___ The data ___
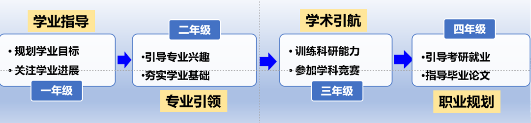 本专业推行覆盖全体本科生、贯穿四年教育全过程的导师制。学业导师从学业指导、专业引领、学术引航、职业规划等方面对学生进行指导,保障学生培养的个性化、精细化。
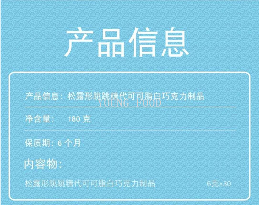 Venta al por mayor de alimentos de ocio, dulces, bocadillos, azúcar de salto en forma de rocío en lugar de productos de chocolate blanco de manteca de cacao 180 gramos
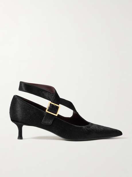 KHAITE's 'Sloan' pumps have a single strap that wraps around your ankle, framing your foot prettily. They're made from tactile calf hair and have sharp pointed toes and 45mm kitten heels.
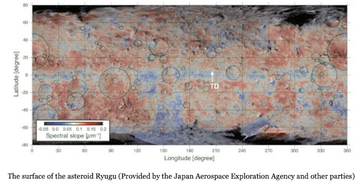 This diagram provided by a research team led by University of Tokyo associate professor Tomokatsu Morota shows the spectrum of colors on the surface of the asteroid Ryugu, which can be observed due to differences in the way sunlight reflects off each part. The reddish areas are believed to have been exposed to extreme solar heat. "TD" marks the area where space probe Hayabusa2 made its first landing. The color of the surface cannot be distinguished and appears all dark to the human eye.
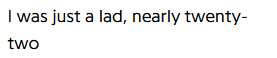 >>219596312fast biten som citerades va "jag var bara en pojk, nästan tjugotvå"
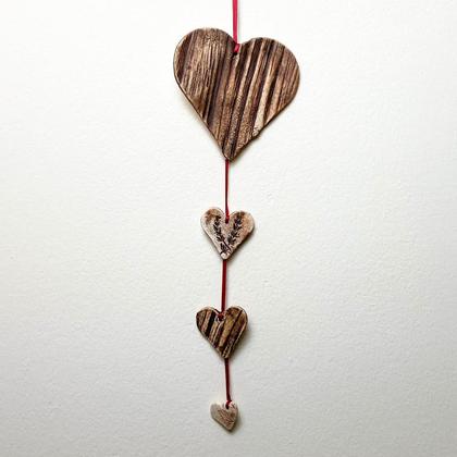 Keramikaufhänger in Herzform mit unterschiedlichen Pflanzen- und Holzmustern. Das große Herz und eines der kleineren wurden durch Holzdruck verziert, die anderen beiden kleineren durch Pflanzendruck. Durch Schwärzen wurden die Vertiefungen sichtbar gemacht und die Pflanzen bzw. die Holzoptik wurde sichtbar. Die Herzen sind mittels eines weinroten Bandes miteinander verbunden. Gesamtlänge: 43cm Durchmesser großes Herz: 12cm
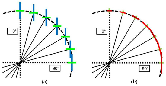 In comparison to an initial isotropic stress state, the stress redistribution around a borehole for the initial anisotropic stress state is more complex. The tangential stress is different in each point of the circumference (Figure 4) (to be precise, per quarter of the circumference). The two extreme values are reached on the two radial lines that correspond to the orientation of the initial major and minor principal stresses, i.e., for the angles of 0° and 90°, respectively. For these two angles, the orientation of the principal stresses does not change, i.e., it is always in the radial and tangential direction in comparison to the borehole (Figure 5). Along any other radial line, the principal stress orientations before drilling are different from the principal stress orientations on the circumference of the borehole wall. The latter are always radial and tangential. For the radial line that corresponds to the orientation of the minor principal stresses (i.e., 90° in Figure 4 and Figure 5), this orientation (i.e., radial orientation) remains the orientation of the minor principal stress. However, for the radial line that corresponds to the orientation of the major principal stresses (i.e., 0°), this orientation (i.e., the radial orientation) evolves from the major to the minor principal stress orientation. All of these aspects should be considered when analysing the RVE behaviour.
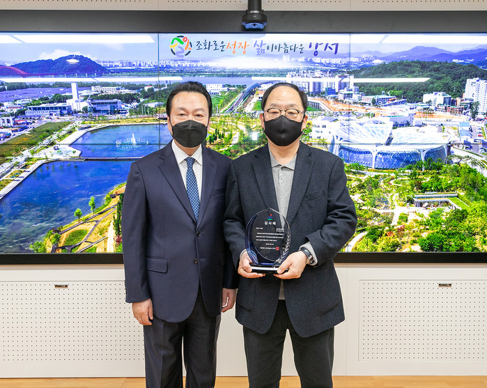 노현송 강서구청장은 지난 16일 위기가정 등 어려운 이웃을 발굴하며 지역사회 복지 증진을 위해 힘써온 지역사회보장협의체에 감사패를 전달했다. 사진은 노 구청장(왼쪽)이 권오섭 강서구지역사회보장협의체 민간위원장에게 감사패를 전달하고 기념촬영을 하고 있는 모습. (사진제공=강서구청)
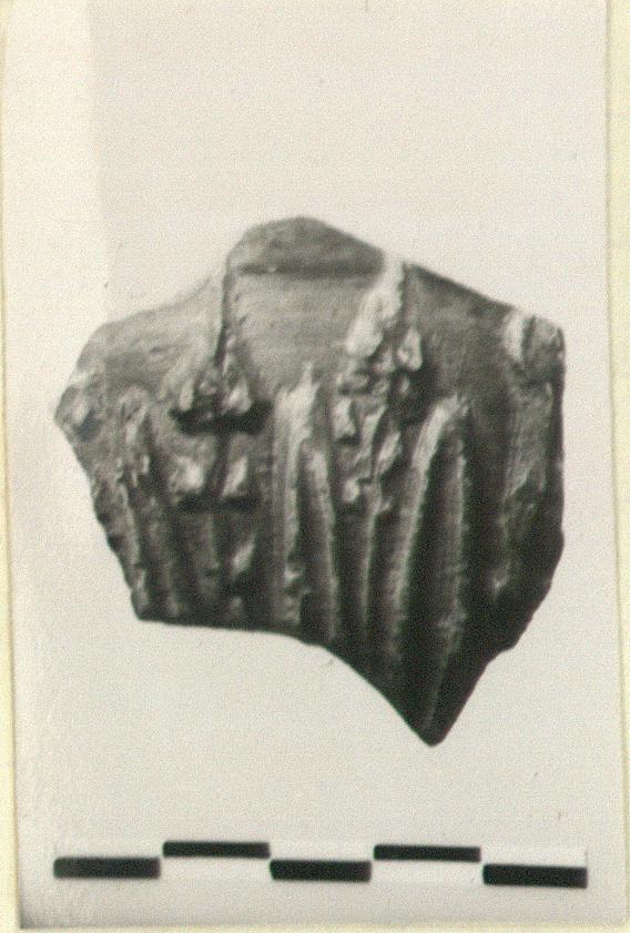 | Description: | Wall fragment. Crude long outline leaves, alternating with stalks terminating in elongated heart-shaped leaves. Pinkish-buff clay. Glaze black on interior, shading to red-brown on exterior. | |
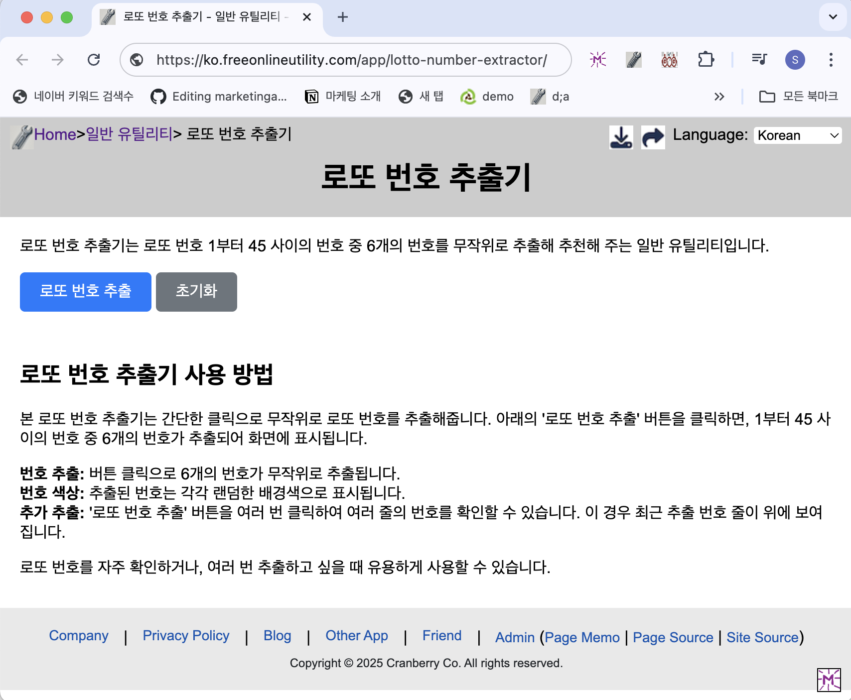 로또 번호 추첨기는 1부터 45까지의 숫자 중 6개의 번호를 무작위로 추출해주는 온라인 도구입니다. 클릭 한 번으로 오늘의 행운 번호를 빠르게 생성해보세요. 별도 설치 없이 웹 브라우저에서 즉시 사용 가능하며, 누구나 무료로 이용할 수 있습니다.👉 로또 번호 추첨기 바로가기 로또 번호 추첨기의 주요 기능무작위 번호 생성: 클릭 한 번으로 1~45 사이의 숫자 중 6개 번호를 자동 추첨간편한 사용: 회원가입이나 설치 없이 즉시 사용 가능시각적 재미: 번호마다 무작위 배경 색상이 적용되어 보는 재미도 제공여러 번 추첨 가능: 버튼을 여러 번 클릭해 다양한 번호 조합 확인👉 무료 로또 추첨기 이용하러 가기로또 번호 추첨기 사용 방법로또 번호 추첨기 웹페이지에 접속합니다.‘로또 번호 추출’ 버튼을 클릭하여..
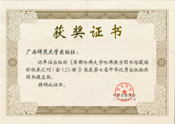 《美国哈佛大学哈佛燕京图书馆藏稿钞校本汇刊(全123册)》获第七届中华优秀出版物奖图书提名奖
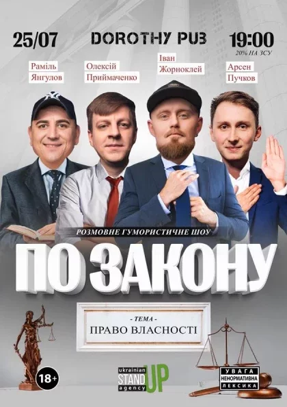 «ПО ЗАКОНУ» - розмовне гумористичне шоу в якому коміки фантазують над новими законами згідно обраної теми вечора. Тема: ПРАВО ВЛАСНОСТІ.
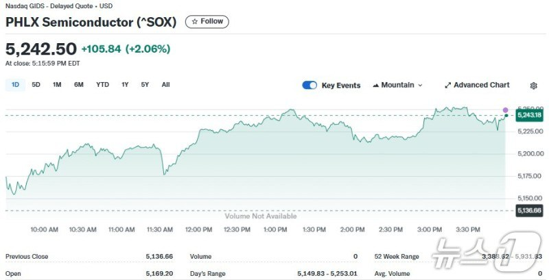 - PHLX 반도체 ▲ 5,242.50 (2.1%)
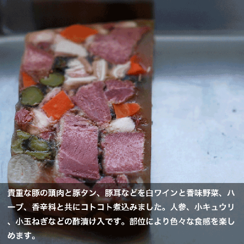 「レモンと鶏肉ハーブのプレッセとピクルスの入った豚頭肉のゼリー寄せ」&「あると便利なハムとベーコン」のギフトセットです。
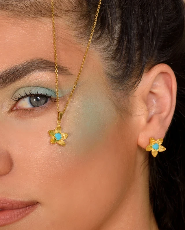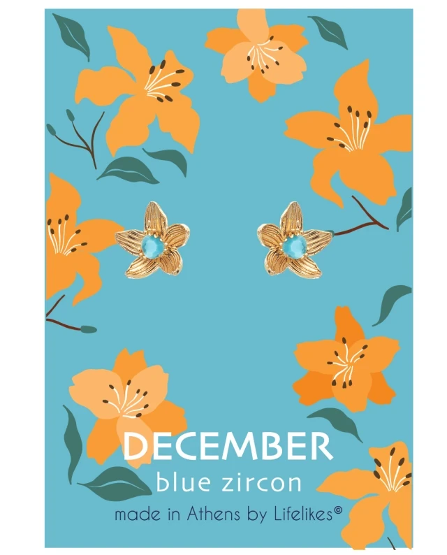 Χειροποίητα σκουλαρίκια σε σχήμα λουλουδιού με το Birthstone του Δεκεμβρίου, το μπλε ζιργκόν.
___
Work item.
Write out exactly the lines above between the one with "노현송 강서구청장은 지난" and the one with "Тема: ПРАВО ВЛАСНОСТІ.", inclusive, with pictures left out.

Result.
 노현송 강서구청장은 지난 16일 위기가정 등 어려운 이웃을 발굴하며 지역사회 복지 증진을 위해 힘써온 지역사회보장협의체에 감사패를 전달했다. 사진은 노 구청장(왼쪽)이 권오섭 강서구지역사회보장협의체 민간위원장에게 감사패를 전달하고 기념촬영을 하고 있는 모습. (사진제공=강서구청)
 | Description: | Wall fragment. Crude long outline leaves, alternating with stalks terminating in elongated heart-shaped leaves. Pinkish-buff clay. Glaze black on interior, shading to red-brown on exterior. | |
 로또 번호 추첨기는 1부터 45까지의 숫자 중 6개의 번호를 무작위로 추출해주는 온라인 도구입니다. 클릭 한 번으로 오늘의 행운 번호를 빠르게 생성해보세요. 별도 설치 없이 웹 브라우저에서 즉시 사용 가능하며, 누구나 무료로 이용할 수 있습니다.👉 로또 번호 추첨기 바로가기 로또 번호 추첨기의 주요 기능무작위 번호 생성: 클릭 한 번으로 1~45 사이의 숫자 중 6개 번호를 자동 추첨간편한 사용: 회원가입이나 설치 없이 즉시 사용 가능시각적 재미: 번호마다 무작위 배경 색상이 적용되어 보는 재미도 제공여러 번 추첨 가능: 버튼을 여러 번 클릭해 다양한 번호 조합 확인👉 무료 로또 추첨기 이용하러 가기로또 번호 추첨기 사용 방법로또 번호 추첨기 웹페이지에 접속합니다.‘로또 번호 추출’ 버튼을 클릭하여..
 《美国哈佛大学哈佛燕京图书馆藏稿钞校本汇刊(全123册)》获第七届中华优秀出版物奖图书提名奖
 «ПО ЗАКОНУ» - розмовне гумористичне шоу в якому коміки фантазують над новими законами згідно обраної теми вечора. Тема: ПРАВО ВЛАСНОСТІ.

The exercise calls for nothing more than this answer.